Return, without pictures, the lines from the start of the data through the one that contains "本日は、ケレン作業、高圧洗浄をさせて頂いております。".
========
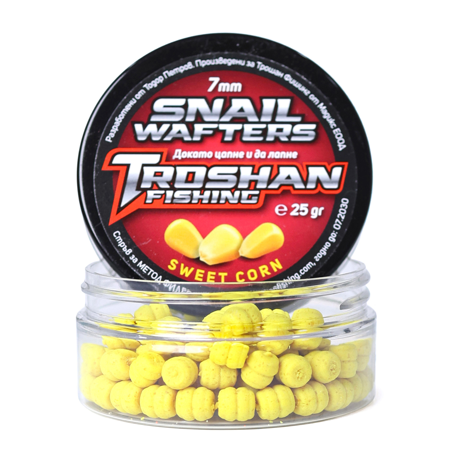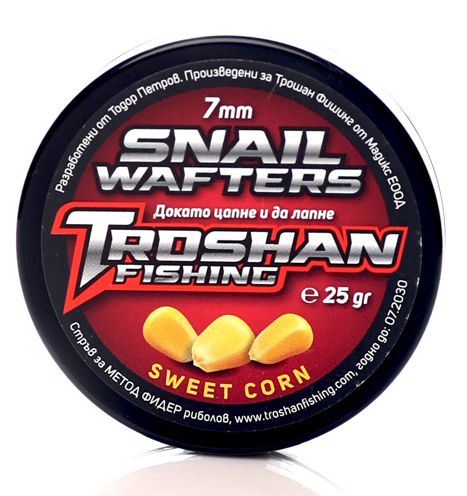 Разгледайте Snail Wafters Troshan Fishing - Sweet Corn 7mm и другите висококачествени риболовни принадлежности в нашия онлайн магазин. Нека всеки ваш излет бъде изпълнен с успешен улов! Поръчайте сега и се уверете сами в ефективността на тази иновативна стръв!
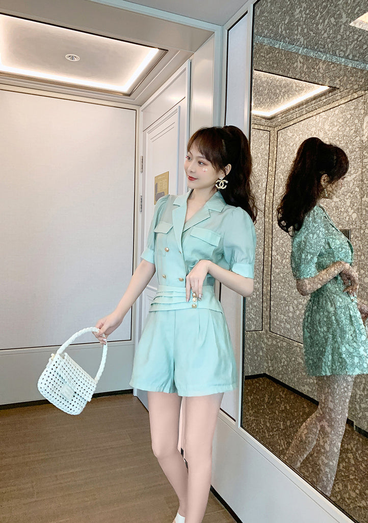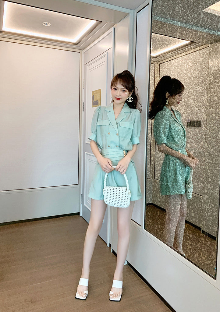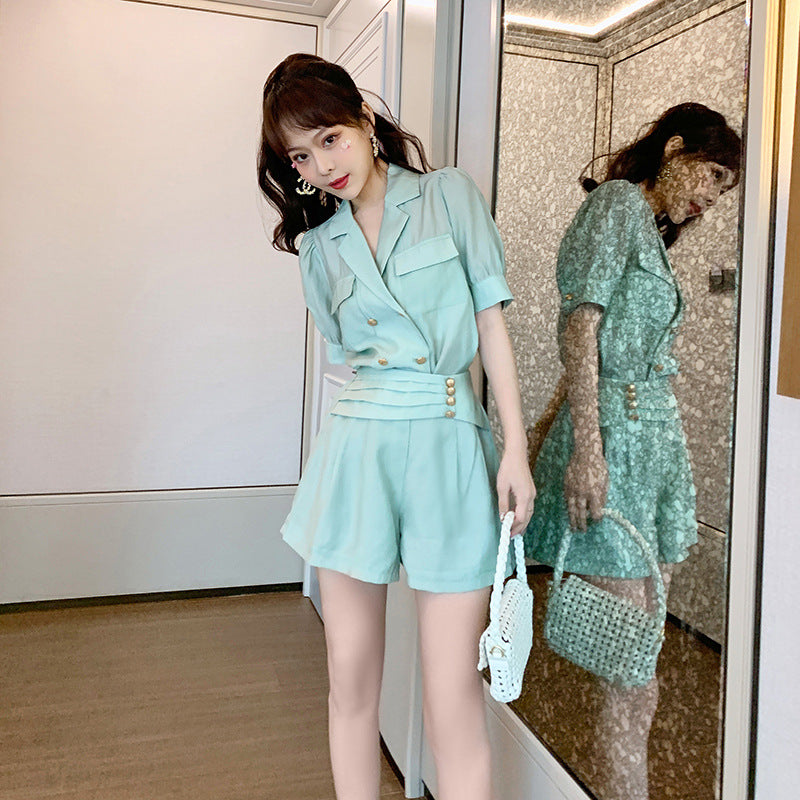 Summer Western Style Young Look Fair V Collar Neck High Waist Green Suit Short Sleeves Wide Leg Shorts
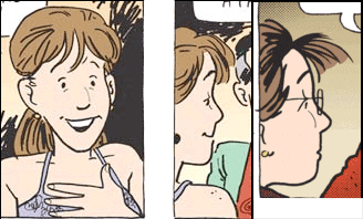 I’m sure you all recognize the delirious kid with the Tarzan comics swirling around his head as young Harold Klinghorn, pre-hat, pre-nickname and pre-drugs, back in those innocent times when his only “high” was Tarzan funnies. The Sunday-strip color gradients and shading do not make him any cuter. We recognize his teenage (and actually likeable) self in the little portrait in the banner. Would anyone not familiar with Funky Winkerbean see today’s comic and figure out that the boy, the kid in the hat, and the old geezer are the same person? Or that the two men talking went to high school together?
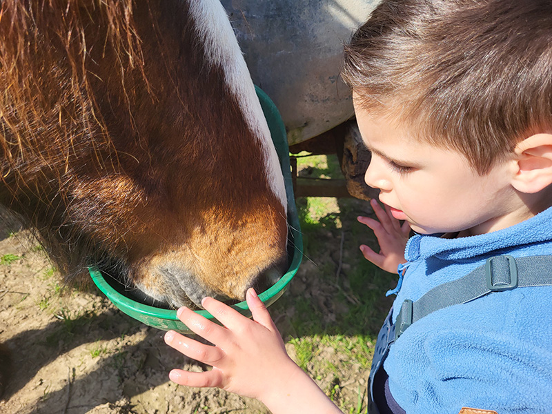Junge streichelt Pferd am Hals
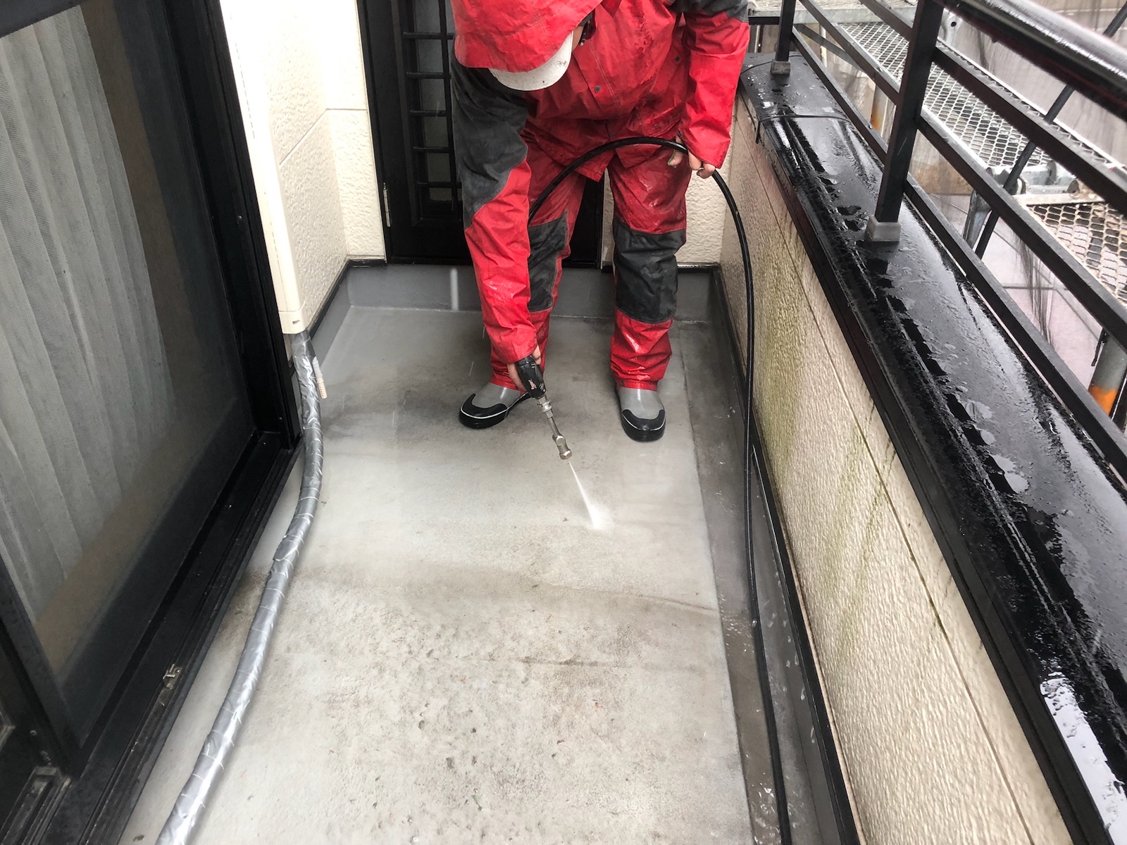 本日は、ケレン作業、高圧洗浄をさせて頂いております。
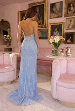 Elevate your prom game with the Ava Presley Long Halter Prom Dress 47049! This stunning evening gown features a daring plunging neckline that radiates confidence. The dazzling sequin bodice sparkles beautifully, catching the light with every movement. The flowy skirt boasts a chic paisley design, adding a trendy touch that sets you apart. With a stunning high slit, this dress is perfect for showcasing your legs and turning heads at prom. Ideal for creating unforgettable memories, get ready to dance the night away in style!
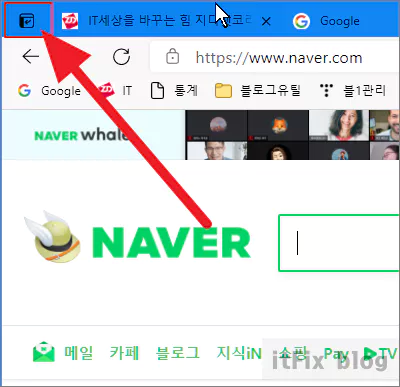 이렇게 되면 탭 리스트는 세로로만 출력이 되고 기존의 가로축 상단은 마치 하나의 탭만 열려 있는 것 처럼 깔끔하게 유지됩니다. 이상태에서 세로 탭 리스트 목록을 아이콘만 보이게 할 수도 있습니다. 탭 목록 우측 상단의 화살표를 클릭하면 세로 탭 리스트가 간략하게 아이콘으로만 표시됩니다.
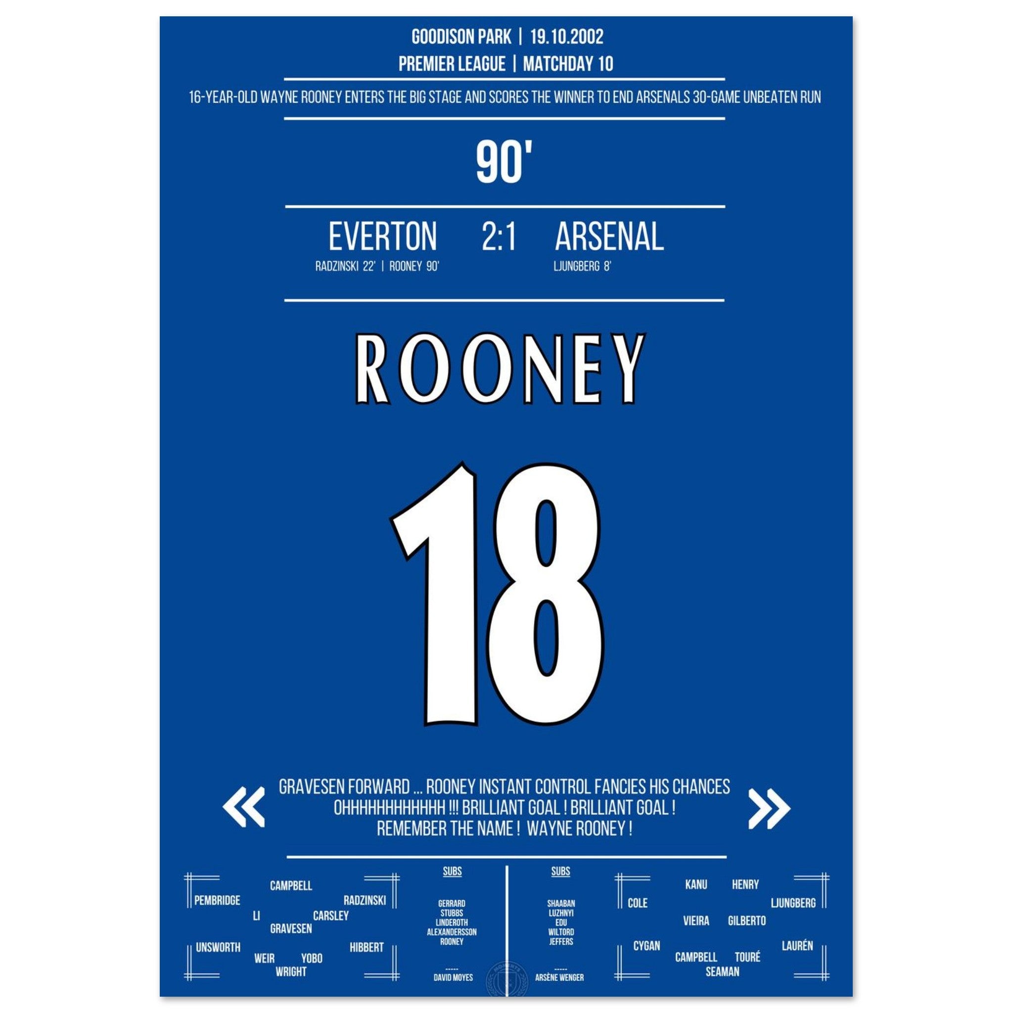 Wayne Rooney zündet in der 90. Minute einen Geniestreich aus der Distanz – und beendet Arsenals 30-Spiele-Serie ohne Niederlage. „Remember the name!“ – der Beginn einer legendären Karriere.
========
_Task solution_
 Разгледайте Snail Wafters Troshan Fishing - Sweet Corn 7mm и другите висококачествени риболовни принадлежности в нашия онлайн магазин. Нека всеки ваш излет бъде изпълнен с успешен улов! Поръчайте сега и се уверете сами в ефективността на тази иновативна стръв!
 Summer Western Style Young Look Fair V Collar Neck High Waist Green Suit Short Sleeves Wide Leg Shorts
 I’m sure you all recognize the delirious kid with the Tarzan comics swirling around his head as young Harold Klinghorn, pre-hat, pre-nickname and pre-drugs, back in those innocent times when his only “high” was Tarzan funnies. The Sunday-strip color gradients and shading do not make him any cuter. We recognize his teenage (and actually likeable) self in the little portrait in the banner. Would anyone not familiar with Funky Winkerbean see today’s comic and figure out that the boy, the kid in the hat, and the old geezer are the same person? Or that the two men talking went to high school together?
Junge streichelt Pferd am Hals
 本日は、ケレン作業、高圧洗浄をさせて頂いております。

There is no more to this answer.